**TO DO**
From the first line of the data down to the line bearing "This bracelet is", output every line exactly and include no pictures.
===== DATA RECORDS
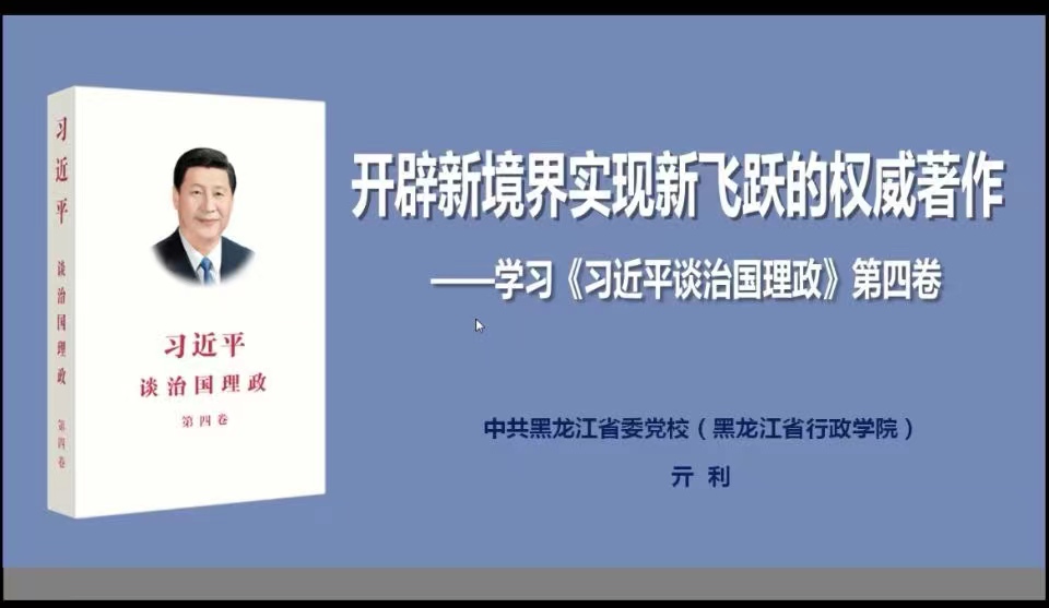 中共黑龙江省委党校(省行政学院)名师工作室首席专家亓利教授以《开辟新境界实现新飞跃的权威著作——学习<习近平谈治国理政>第四卷》为题通过腾讯会议平台在线作专题学习辅导。
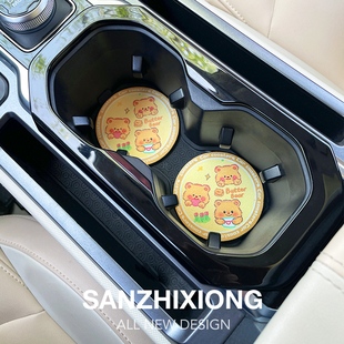 可爱小熊汽车水杯垫通用创意置物防护垫子车载防滑垫车内装 饰品女
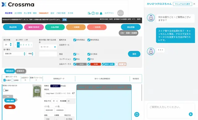 本機能の導入により、操作方法や仕様に関する不明点を24時間365日、その場で即時に解決することが可能になります。サポートの営業時間を待つ必要がなく、夜間や休日でも作業を止めることなく進められるため、利益に直結する「出品・販売」のスピードを加速させます。
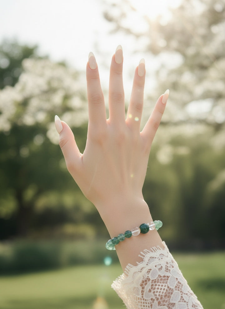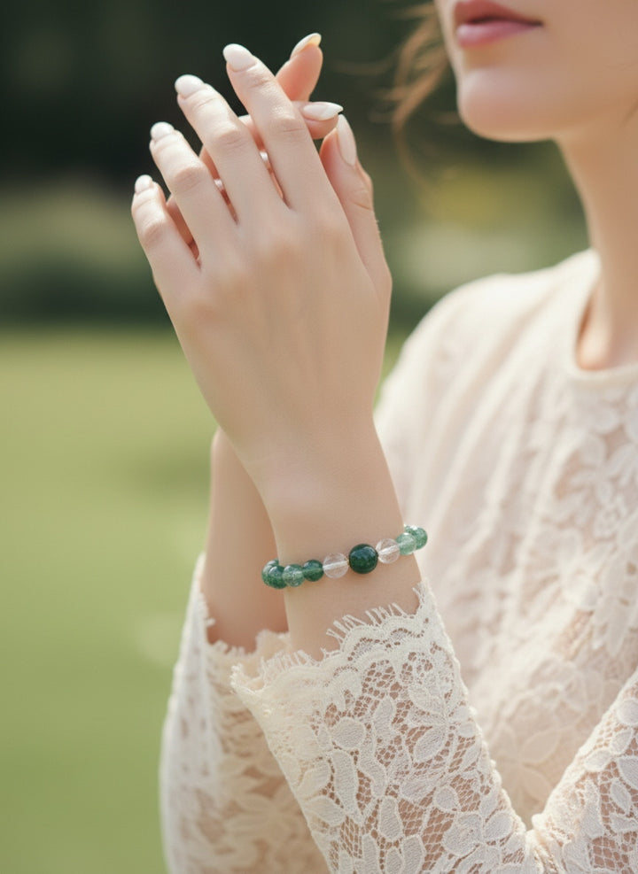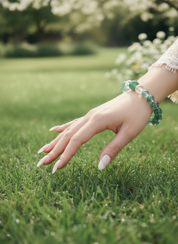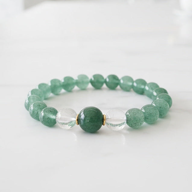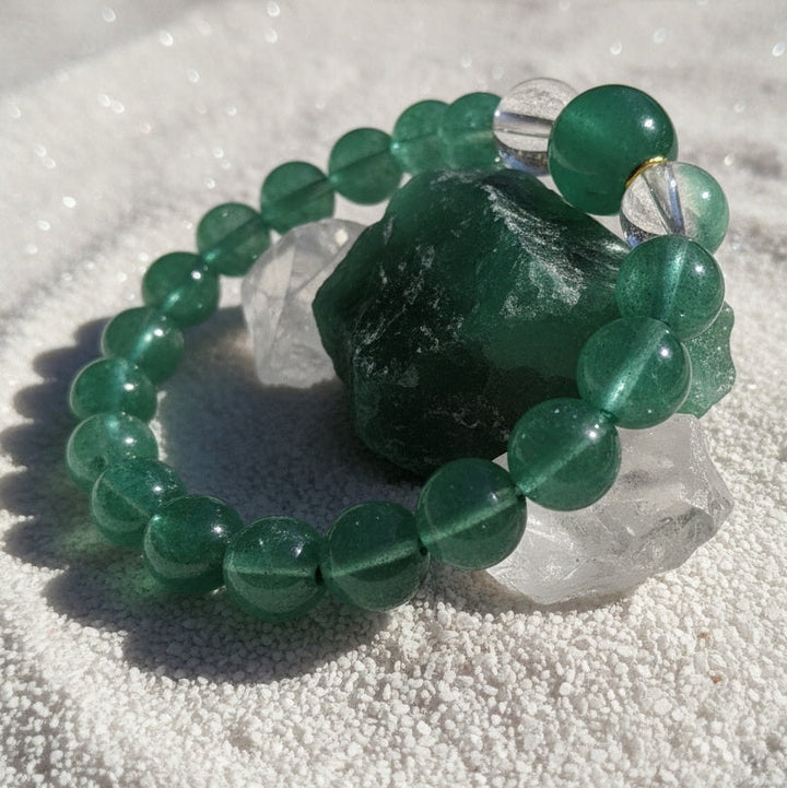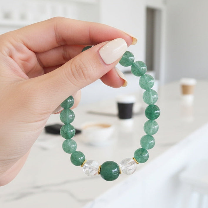This bracelet is themed "Vibrant Radiance of Love and Abundance," combining the unique energy of Green Strawberry Quartz with the harmonious power of pure Clear Quartz.
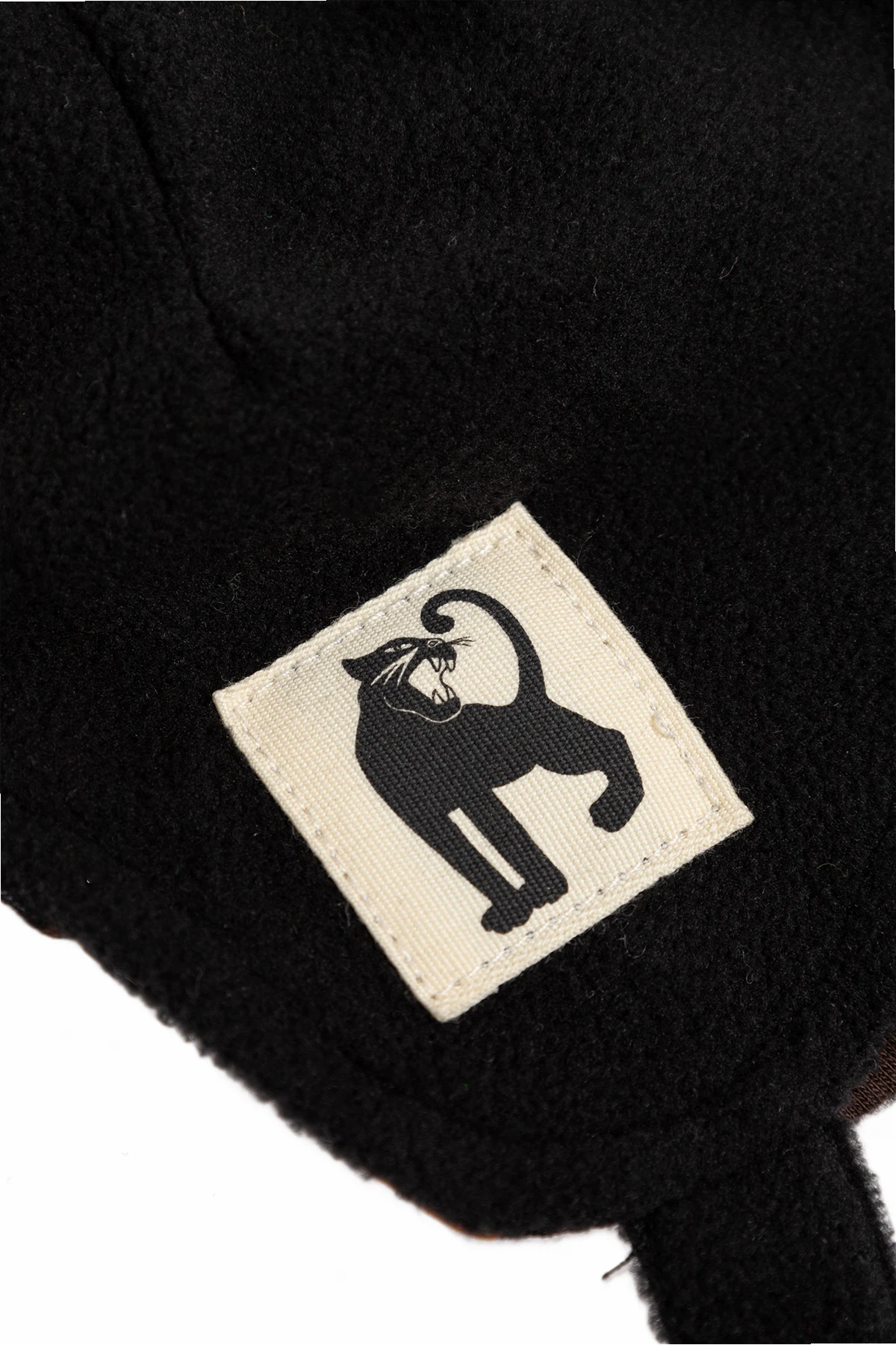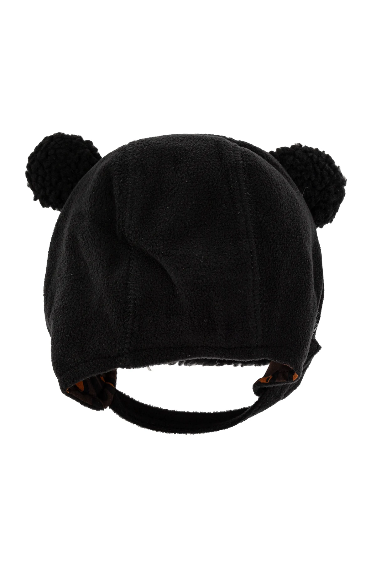 Innen ist die Mütze mit einem Muster in orange-schwarzen Motiven versehen, was ihr einen stilvollen Akzent verleiht. Der Kinnriemen mit Klettverschluss sorgt für einen sicheren und stabilen Halt der Mütze auf dem Kopf des Kindes. Auf einem der Ohrenschützer befindet sich ein rechteckiger Aufnäher mit dem Bild einer Katze, der das Logo des Designers oder der Marke sein könnte und dem Ganzen einen subtilen Charakter verleiht.
==========
**WORKED SOLUTION**
 中共黑龙江省委党校(省行政学院)名师工作室首席专家亓利教授以《开辟新境界实现新飞跃的权威著作——学习<习近平谈治国理政>第四卷》为题通过腾讯会议平台在线作专题学习辅导。
 可爱小熊汽车水杯垫通用创意置物防护垫子车载防滑垫车内装 饰品女
 本機能の導入により、操作方法や仕様に関する不明点を24時間365日、その場で即時に解決することが可能になります。サポートの営業時間を待つ必要がなく、夜間や休日でも作業を止めることなく進められるため、利益に直結する「出品・販売」のスピードを加速させます。
This bracelet is themed "Vibrant Radiance of Love and Abundance," combining the unique energy of Green Strawberry Quartz with the harmonious power of pure Clear Quartz.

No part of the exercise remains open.